**Problem details:**
Print nothing except the lines of the listing below from the line with "Měděný nápažník ve" to the line with "Escultura en bronce", each exactly as written, both ends included.

**Record extracts:**
::::::::
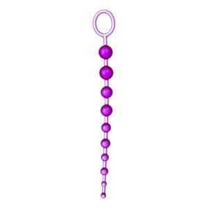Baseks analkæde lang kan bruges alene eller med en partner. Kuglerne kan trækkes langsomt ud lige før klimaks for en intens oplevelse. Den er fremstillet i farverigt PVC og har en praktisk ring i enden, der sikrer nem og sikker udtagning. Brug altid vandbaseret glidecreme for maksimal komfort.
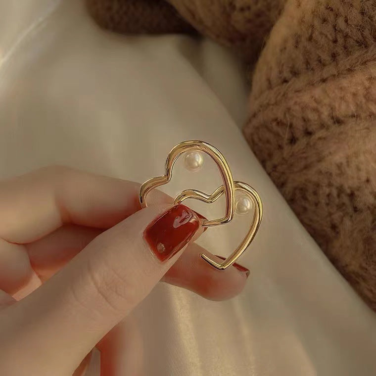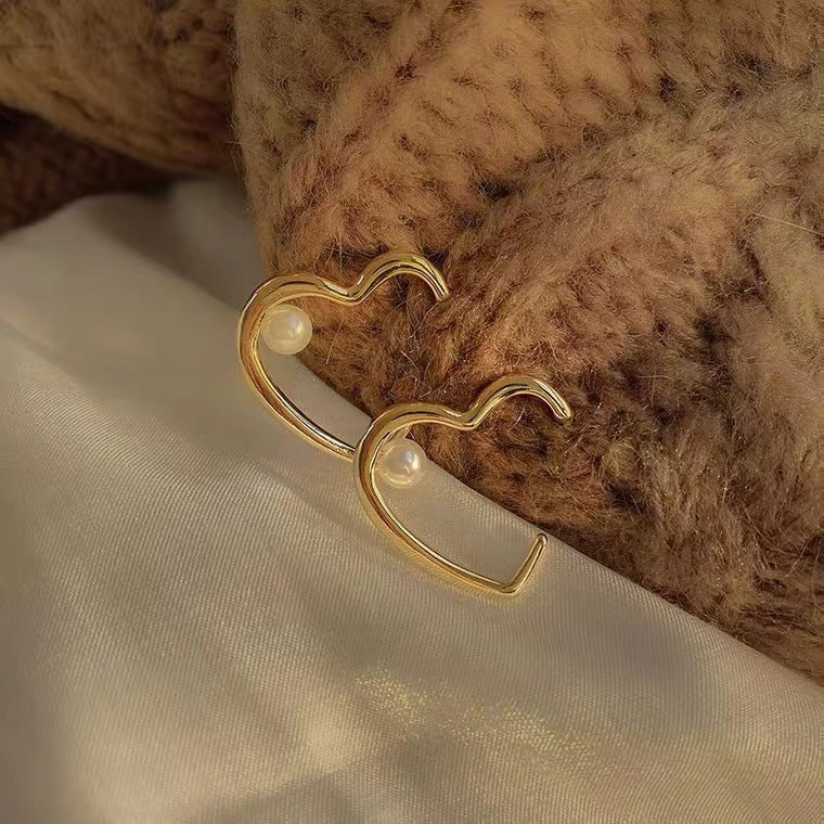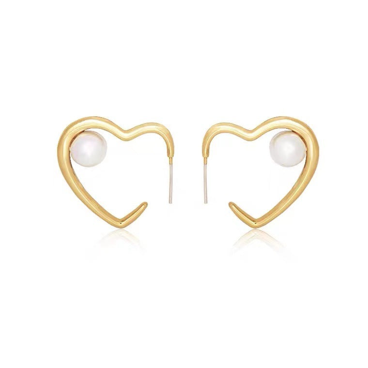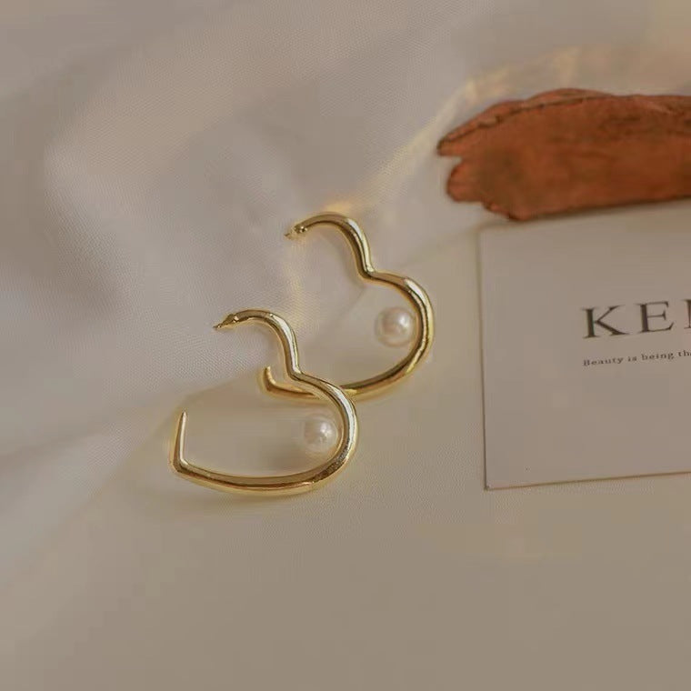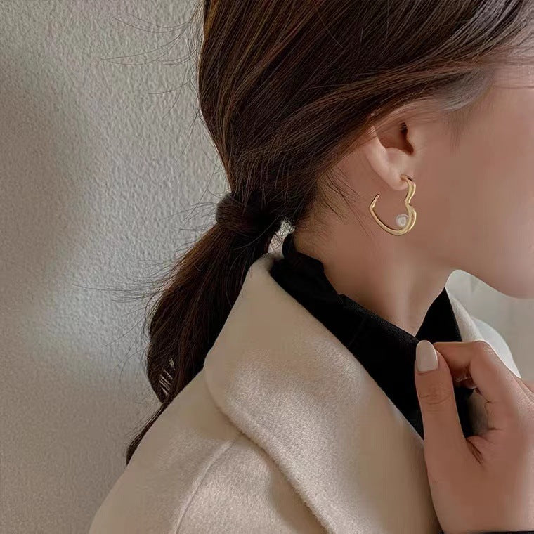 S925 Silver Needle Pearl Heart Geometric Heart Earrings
::::::::
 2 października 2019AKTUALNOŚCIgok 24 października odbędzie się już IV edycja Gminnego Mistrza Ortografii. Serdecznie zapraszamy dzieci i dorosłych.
::::::::
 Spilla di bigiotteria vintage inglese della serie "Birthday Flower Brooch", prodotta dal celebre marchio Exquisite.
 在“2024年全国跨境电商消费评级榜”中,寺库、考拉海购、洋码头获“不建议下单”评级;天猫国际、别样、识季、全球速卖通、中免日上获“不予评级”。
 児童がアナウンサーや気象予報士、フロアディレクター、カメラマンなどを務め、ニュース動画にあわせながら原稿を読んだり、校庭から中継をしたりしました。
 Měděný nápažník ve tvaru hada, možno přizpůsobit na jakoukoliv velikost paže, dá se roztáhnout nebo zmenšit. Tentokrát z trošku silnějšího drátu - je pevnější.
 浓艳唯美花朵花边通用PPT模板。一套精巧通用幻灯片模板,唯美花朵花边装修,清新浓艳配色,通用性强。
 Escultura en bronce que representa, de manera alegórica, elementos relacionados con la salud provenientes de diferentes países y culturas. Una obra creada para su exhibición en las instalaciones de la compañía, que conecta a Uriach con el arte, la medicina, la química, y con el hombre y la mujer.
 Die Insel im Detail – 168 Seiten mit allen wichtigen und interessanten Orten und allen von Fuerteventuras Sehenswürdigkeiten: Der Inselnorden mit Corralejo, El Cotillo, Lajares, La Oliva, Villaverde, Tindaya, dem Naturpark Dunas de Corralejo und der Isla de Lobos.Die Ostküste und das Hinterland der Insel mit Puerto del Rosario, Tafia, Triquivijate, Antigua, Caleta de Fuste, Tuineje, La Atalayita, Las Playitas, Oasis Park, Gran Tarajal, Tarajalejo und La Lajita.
::::::::
**Output for this task:**
 Měděný nápažník ve tvaru hada, možno přizpůsobit na jakoukoliv velikost paže, dá se roztáhnout nebo zmenšit. Tentokrát z trošku silnějšího drátu - je pevnější.
 浓艳唯美花朵花边通用PPT模板。一套精巧通用幻灯片模板,唯美花朵花边装修,清新浓艳配色,通用性强。
 Escultura en bronce que representa, de manera alegórica, elementos relacionados con la salud provenientes de diferentes países y culturas. Una obra creada para su exhibición en las instalaciones de la compañía, que conecta a Uriach con el arte, la medicina, la química, y con el hombre y la mujer.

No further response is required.